Injunctions can be issued at any time during any pending or
anticipated litigation for the short-term purpose of preventing
irreparable harm or injury to the petitioner prior to the time
that the court will be in a position to either grant or deny
permanent relief on the merits of the case.
Whereas preliminary
injunctions follow notice to the respondent; temporary restraining
orders are issued ex parte (that is, without notice to the
respondent).
But temporary
restraining orders are only issued in cases where immediate relief
is warranted in those situations in which the petitioner has
satisfied the court that he or she will suffer irreparable harm if
relief is not granted forthwith and time simply does not permit
either the delivery of notice or the holding of a hearing.
However, one needs to
underline that a court will not issue any order unless it is
satisfied, based on the facts and evidence before it, that the
order sought is just.
Muite has not informed
us why the order was unjust. For instance, could it not be
possible that those who obtained the order did so because they
were not going to receive their title deeds, which they had reason
to believe they were legally entitled to? After all, do we know
for sure how that magic number 12,000 was chosen? Or how many
people were left out? Or whether land belonging to the petitioners
was given to those without any legitimate claims to them?
How about if the
government engaged in a divide and rule policy, where 12,000 title
deeds were issued for a fraction of the land that the Ogiek had
claims over?
It is extremely rare
for a court to issue a permanent or perpetual injunction. Most
injunctions are temporary or preliminary.
Eventually, the
respondent gets the opportunity to present its case and the court
determines whether to make final or permanent orders.
Muite argues that
“fidelity to law” entails that individuals and institutions
must submit to the rule of law so that there can be orderly
governance.
This is precisely the
point why members of the current government must obey all laws and
court orders as issued until those order are set aside.
By advancing an
argument that “where the Judiciary is institutionally weak, it
invites disobedience to its own orders where it fails to base such
orders on sound law,” Muite is either openly calling for civil
disobedience or contempt of court as the preferred option by
Kenyans in the face of court orders they disagree with.
Muite knows that civil
disobedience is a form of lawbreaking employed by ordinary
citizens to demonstrate the injustice or unfairness of a
particular law.
An act of civil
disobedience is deliberate and targeted to focus attention on the
allegedly undesirable law; not valid court orders.

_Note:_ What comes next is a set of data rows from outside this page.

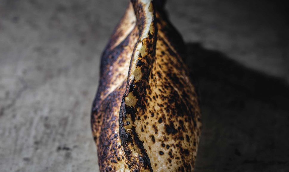 Akrame Benallal garnit ce chausson de pâte d'amande de crème au citron avant de le passer au chalumeau. Trompe l’œil garanti !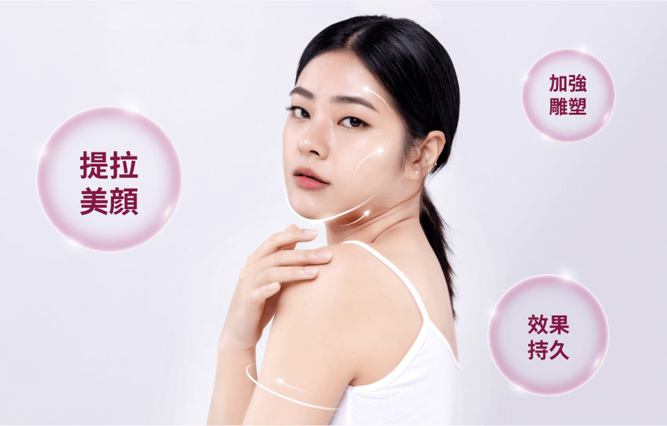 讓您在治療後即可感受到快速又即時的提拉美顏效果,同時刺激了肌膚的膠原蛋白生成,保證術後持續很長的效果,不用頻繁施術。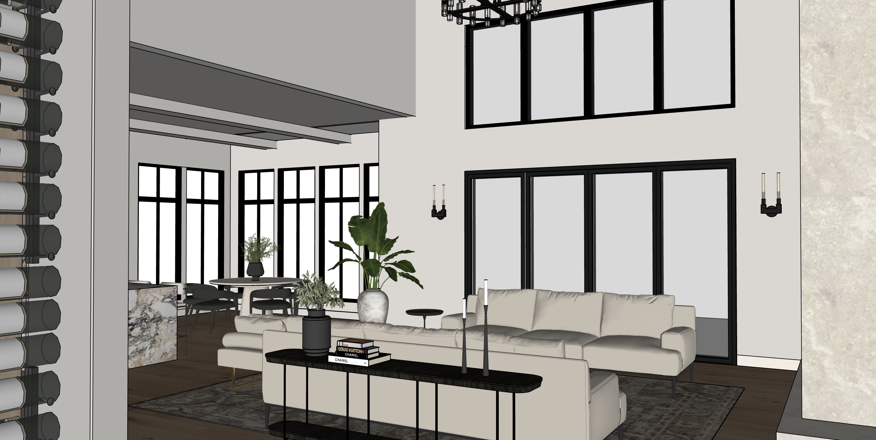 lighter white oak wood windows look out at lounge area landscaped back yard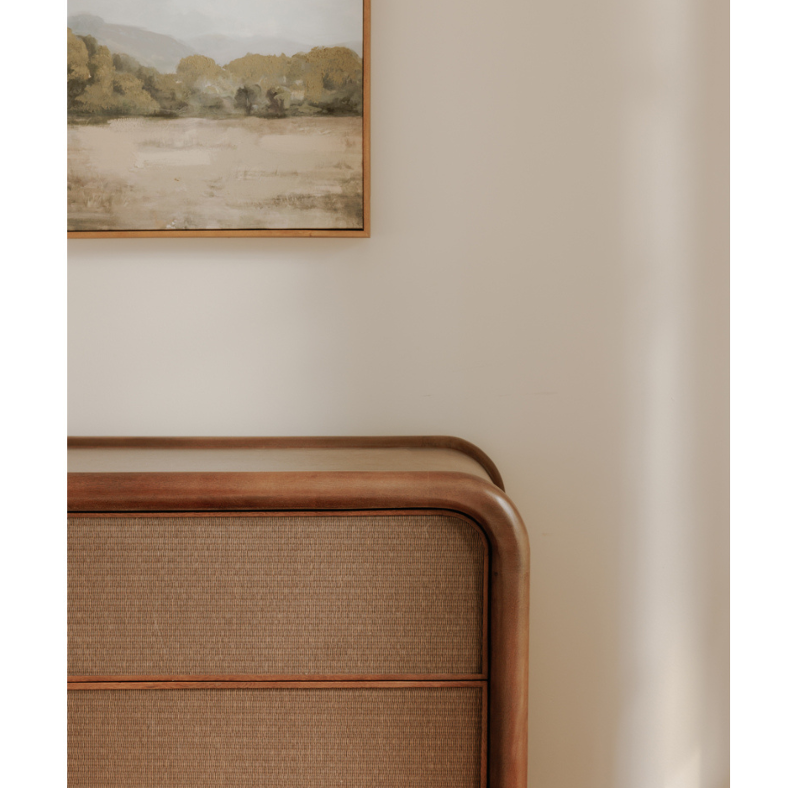 The Rawley Dresser can be used as a dresser, or even a sideboard to bring a stunning retro feel to any bedroom or living space. With its unique shape and rounded edges, you'll have the perfect addition to your home.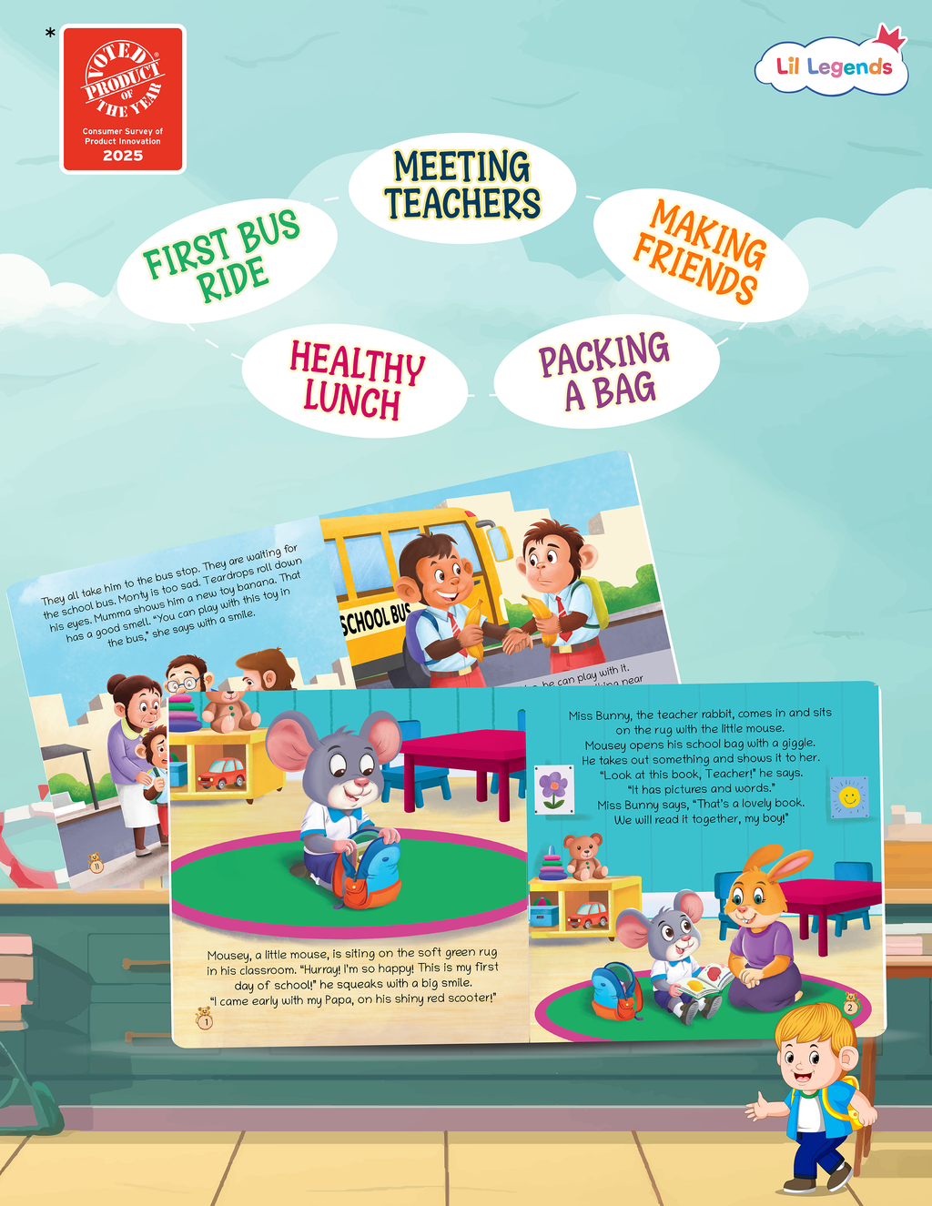 The Lil Legends School Readiness Series is a beautifully crafted slipcase of five picture books that gently introduce toddlers and preschoolers to the world of school. Each story reflects real experiences a young child encounters — from discovering what goes inside their bag to greeting teachers, riding the school bus and enjoying lunchtime.

Civil
disobedience is never an option for a government in power against
its own laws.
On the other hand,
what Muite clearly calls upon Kenyans, including the executive arm
of government to do, is to selectively obey or disobey court
orders.
Apparently, Muite
believes that a valid restraining court order obtained by a few
individuals against the government’s intention to issue title
deeds cannot stop the government from proceeding with the giving
out of twelve thousand title deeds.
As far as Muite is
concerned, in matters of law, the majority has more rights than a
minority.
Taking that argument
further, Muite would like us to believe that he is prepared to
limit or subordinate his individual rights and liberties if those
rights happen to be in conflict with that of two or more people.
As a strong advocate
for the entrenchment and institutionalization of the rule of law
in Kenya, Muite should know that court orders are not obeyed
because of the number of people involved in obtaining them.
Valid court orders –
no matter how they are obtained - must be obeyed by all to ensure
that an orderly society is maintained.
Any act which is
calculated to embarrass, hinder or obstruct a competent court in
administering justice, or which is calculated to lessen its
authority or its dignity, is contemptuous.
-The writer is a
barrister and solicitor in Toronto, Canada.